Image Management and Relational AggressionBy
Image management – what is it? Is it keeping your image polished, restoring one that’s damaged, or creating one that’s new and shiny? Perhaps it’s more technological and refers to managing digital images. If it were any of these, I’d advise you to seek an Image Management Coach, PR agency, or computer geek. No need for any of those, though. All you need is yourself and the ability to honestly self-reflect. Image management is maintaining perceptions of self through the use of coping strategies. Let me illustrate through examples.
Mia, a middle school girl, sees herself as artistic, interesting, and witty. She, as do we all, looks for validation of her self-dubbed labels. When someone compliments her artwork, listens to what she has to say, or laughs at her witty retorts, her perceptions are reinforced. To manage her image, Mia works diligently to produce her artwork and looks for opportunities to connect and display her wit.
Sally is a corporate executive. She sees herself as competent, in control, and well-liked by her employees. Her self-image is validated when her employees smile at her, complete their projects, and work runs smoothly. To manage her image, Sally works relentlessly to be pleasant to her employees and to control each step of every project to ensure quality results. She looks for opportunities to prove her competence.

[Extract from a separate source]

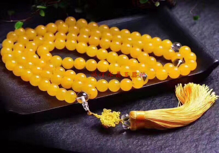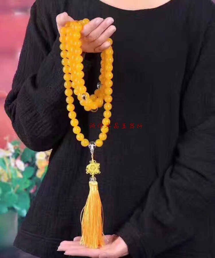 天然水晶黃玉髓108顆佛珠念珠配白水晶流蘇 佛珠念珠手鏈1入

Both Mia and Sally use image management to reinforce their self impressions. As long as they interpret others to be experiencing them as they wish to be experienced, they feel balanced. But watch them go off kilter when others have a different impression.
The Mirror Metaphor
When we polish our hypothetical image mirror, we expect it to be shiny. And then someone smears it up after all the work we’ve put into managing our image! Others may interpret our reflection differently than we. In Mia’s case, some classmates see her wit as an excessive attempt to gain attention. Some of Sally’s employees see her as controlling rather than in control.
A secure individual can bounce back quickly when her self-image is challenged by others’ words or reactions. No matter how secure we are, though, when challenged frequently, it’s time to go inward and take inventory. We need to honestly assess whether we are acting and living authentically or if were managing our image to portray someone we’re not.

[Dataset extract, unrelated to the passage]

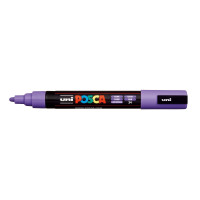 Uni Posca marcador de pintura base al agua -PC-5M Lila 1,8-2,5mm Características: -Punta de poliéster (forma de bala) -Ancho de trazo de 1,8 -2,5 mm -Cuerpo de plástico -Marcador de pintura no permanente. Tinta pigmentada base al agua. Pinta sobre cualquier superficie y es muy resistente a la luz, es inodoro, las manchas se pueden lavar con agua, desapareciendo inmediatamente, ideal para cartelería, decoración, escaparatismo, posters, etc. -NO ES TÓXICO

Fear and Relational Aggression
When others’ reactions implicate they don’t share our self-image, the incongruence can produce feelings of irritation, anger, confusion, or self-doubt. The underlying feeling, though, is fear.
We fear we may not fit the image we want. A person who will not honestly self-reflect and adjust can resort to relational aggression to discount the people who don’t agree with her or share her self-assessments.

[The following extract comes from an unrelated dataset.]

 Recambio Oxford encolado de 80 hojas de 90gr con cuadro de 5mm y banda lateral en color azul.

Mia might label the kids who don’t enjoy her wit as humorless or too dense to “get it.” She may go as far as starting rumors about kids who don’t seem to like her in order to discredit them.
Sally might have an employee who asks for freedom to complete a project with less direct input. The employee may go as far as speaking up to Sally and saying she finds Sally to be too controlling. Sally could discount this request by labeling the employee as insubordinate, cheeky, or incompetent. To prove her point (and save her image), Sally could resort to becoming a bully boss. By finding negative “evidence” about the employee instead of self-reflecting, Sally will probably find reason to let her go. Score? Image management 1, self-growth 0.
We need to help our girls learn to self-reflect and be honest about who they are instead of resorting to emotional bullying for image management. Everyone has a shadow part. As women, we should do the same. And we should know that by now.